======== Recorded data ========

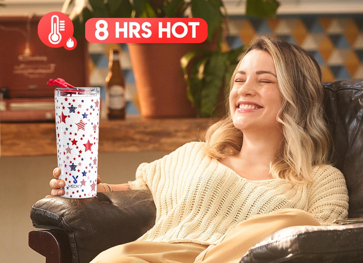 - KEEPS HOT. With double-wall vacuum insulation, Meoky travel mug keeps hot for 8 hours and cold for 24 hours.
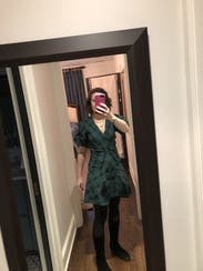 Such a fun dress to wear for a holiday party. Very comfortable and flattering! I'm still trying to figure out my sizing. This dress was slightly large in the waste for me but a belt made it perfect. Will order a smaller size next time.
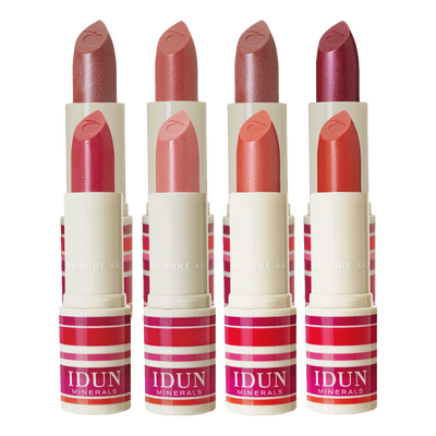 Disse lækre og cremet læbestifter fra IDUN Minerals har en næsten transparent og skinnende finish på læberne. De smelter nærmest på læberne og virker elegante. Læbestifterne er lavet på en vegansk formel af rene mineralpigmenter samt sheasmør og multebærolie, der fugter læberne.
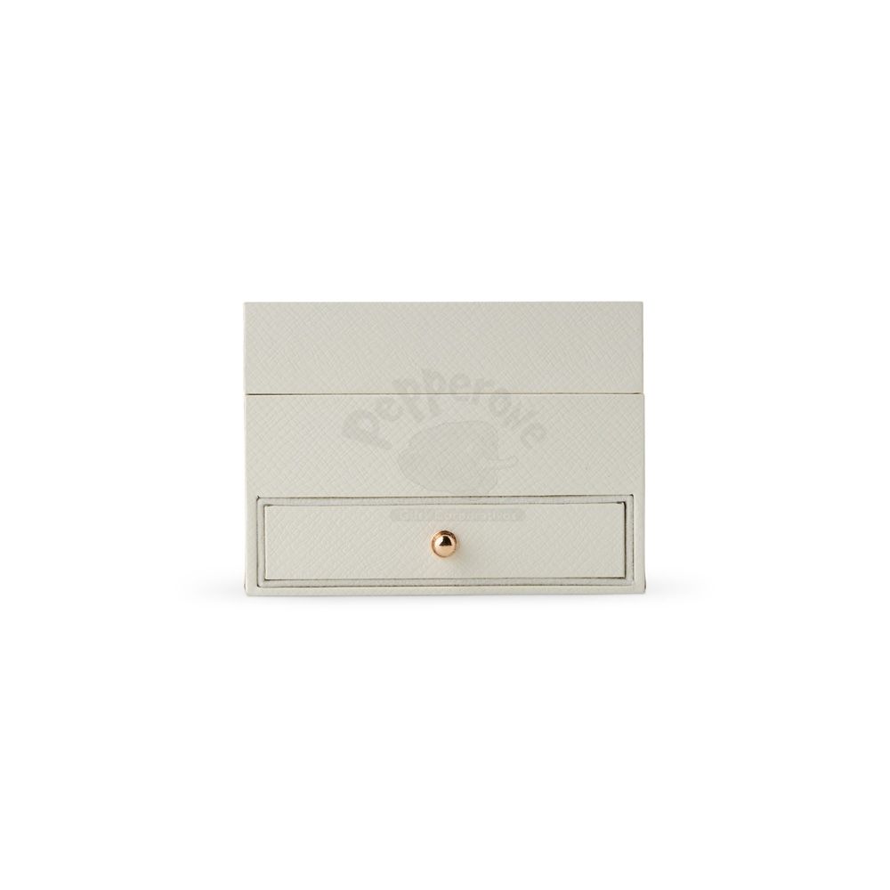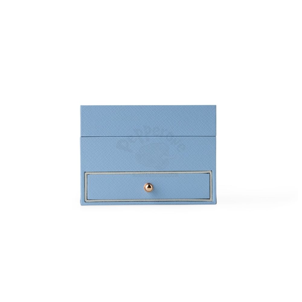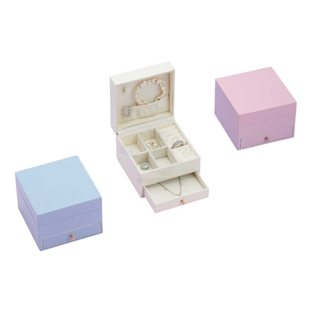 Porta-joias de couro sintético com revestimento aveludado. Possui gaveta e compartimentos internos para anéis, brincos, pulseiras e colares.

========

== Task objective ==
Set the listing down verbatim, excluding pictures.

== Answer ==
 - KEEPS HOT. With double-wall vacuum insulation, Meoky travel mug keeps hot for 8 hours and cold for 24 hours.
 Such a fun dress to wear for a holiday party. Very comfortable and flattering! I'm still trying to figure out my sizing. This dress was slightly large in the waste for me but a belt made it perfect. Will order a smaller size next time.
 Disse lækre og cremet læbestifter fra IDUN Minerals har en næsten transparent og skinnende finish på læberne. De smelter nærmest på læberne og virker elegante. Læbestifterne er lavet på en vegansk formel af rene mineralpigmenter samt sheasmør og multebærolie, der fugter læberne.
 Porta-joias de couro sintético com revestimento aveludado. Possui gaveta e compartimentos internos para anéis, brincos, pulseiras e colares.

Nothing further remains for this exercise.